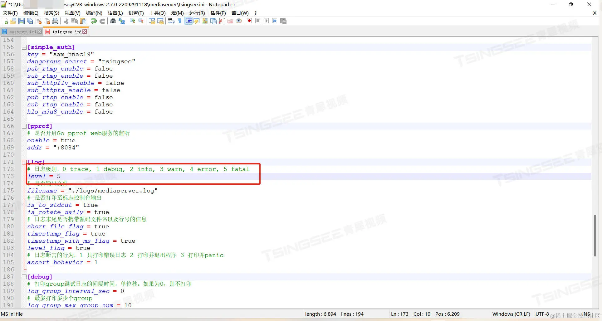 2)保存退出,进入到mediaserver目录打开tsingsee.ini配置文件,将log级别更改为5;
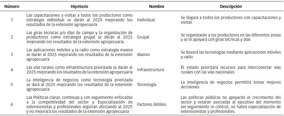Con el consenso generado a través de las dos rondas Delphi con los expertos, se establecieron hipótesis a futuro asociadas a métodos individuales, grupales, masivos, factores necesarios en infraestructura, tecnología y factores débiles en extensión agropecuaria (Tabla 4).
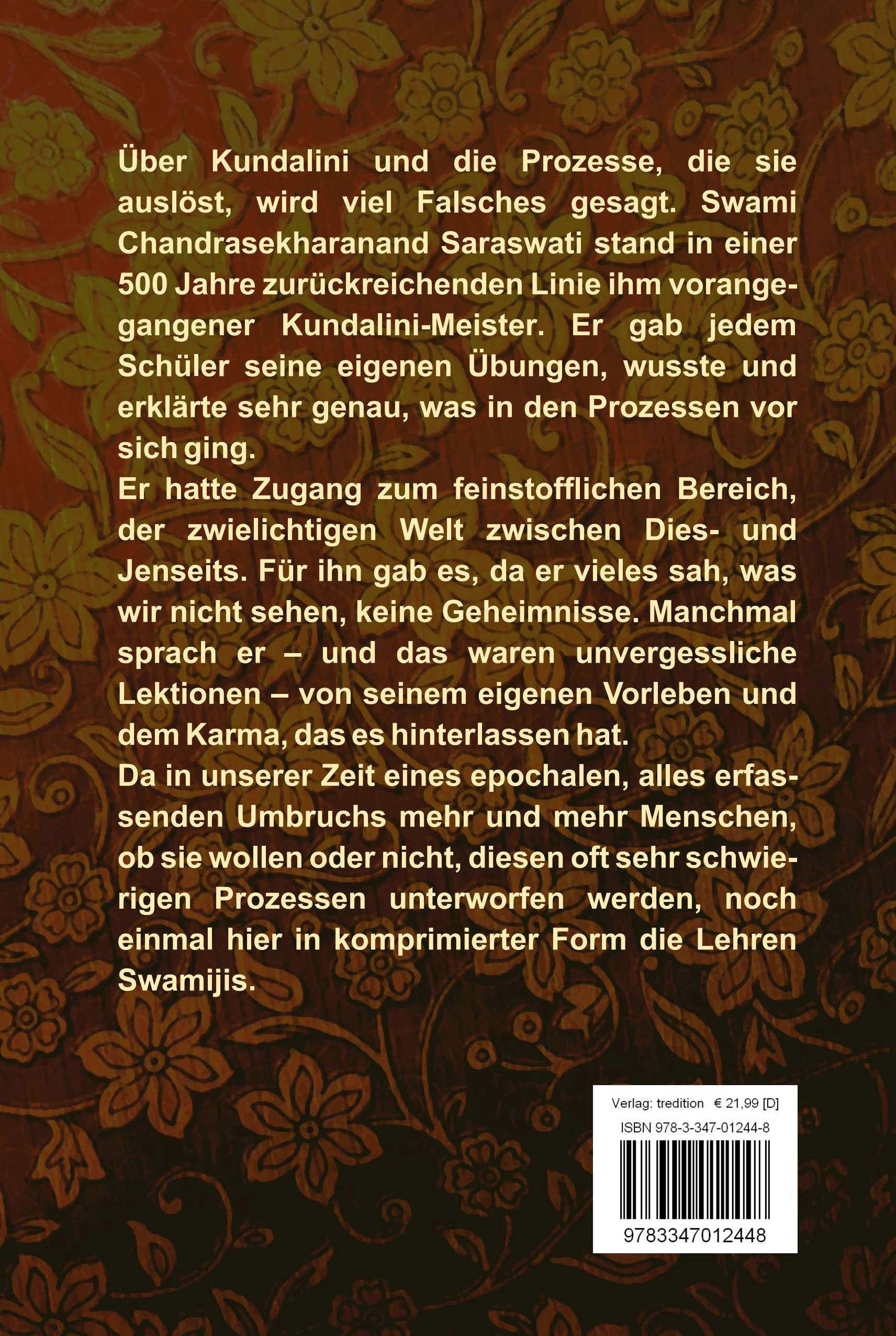 Über Kundalini und die Prozesse, die sie auslöst, wird viel Falsches gesagt. Der Meister, um den es hier geht, stand in einer 500 Jahre zurückreichenden Linie ihm vorangegangener Kundalini-Meister. Er war schlicht und sachlich, gab jedem Schüler seine eigenen Übungen, wusste und erklärte sehr genau, was in ihren Prozessen vor sich ging. Er hatte Zugang zum feinstofflichen Bereich, der zwielichtigen Welt zwischen Dies- und Jenseits. Für ihn gab es, da er vieles sah, was wir nicht sehen, keine Geheimnisse. Hin und wieder sprach er - und das waren unvergessliche Lektionen - von seinem eigenen Vorleben und dem Karma, dass es hinterlassen hat. Und manchmal sagte Swamiji, so nannten ihn seine Schüler, nicht er sei der Meister, sondern Kundalini Shakti, die subtilste und stärkste aller Kräfte - weitere Informationen über Kundalini, den Meister und das Buch aus einer siebenseitigen Besprechung in AUFGANG 17, Jahrbuch für Denken, Dichten, Kunst, Augsburg 2020, in Presseberichte unter: https://tredition.de/autoren/kiu-eckstein-21110/

##########

**What to work on**. Retype the whole listing. Keep every word exact but include no pictures.

**Final answer**.
 2)保存退出,进入到mediaserver目录打开tsingsee.ini配置文件,将log级别更改为5;
Con el consenso generado a través de las dos rondas Delphi con los expertos, se establecieron hipótesis a futuro asociadas a métodos individuales, grupales, masivos, factores necesarios en infraestructura, tecnología y factores débiles en extensión agropecuaria (Tabla 4).
 Über Kundalini und die Prozesse, die sie auslöst, wird viel Falsches gesagt. Der Meister, um den es hier geht, stand in einer 500 Jahre zurückreichenden Linie ihm vorangegangener Kundalini-Meister. Er war schlicht und sachlich, gab jedem Schüler seine eigenen Übungen, wusste und erklärte sehr genau, was in ihren Prozessen vor sich ging. Er hatte Zugang zum feinstofflichen Bereich, der zwielichtigen Welt zwischen Dies- und Jenseits. Für ihn gab es, da er vieles sah, was wir nicht sehen, keine Geheimnisse. Hin und wieder sprach er - und das waren unvergessliche Lektionen - von seinem eigenen Vorleben und dem Karma, dass es hinterlassen hat. Und manchmal sagte Swamiji, so nannten ihn seine Schüler, nicht er sei der Meister, sondern Kundalini Shakti, die subtilste und stärkste aller Kräfte - weitere Informationen über Kundalini, den Meister und das Buch aus einer siebenseitigen Besprechung in AUFGANG 17, Jahrbuch für Denken, Dichten, Kunst, Augsburg 2020, in Presseberichte unter: https://tredition.de/autoren/kiu-eckstein-21110/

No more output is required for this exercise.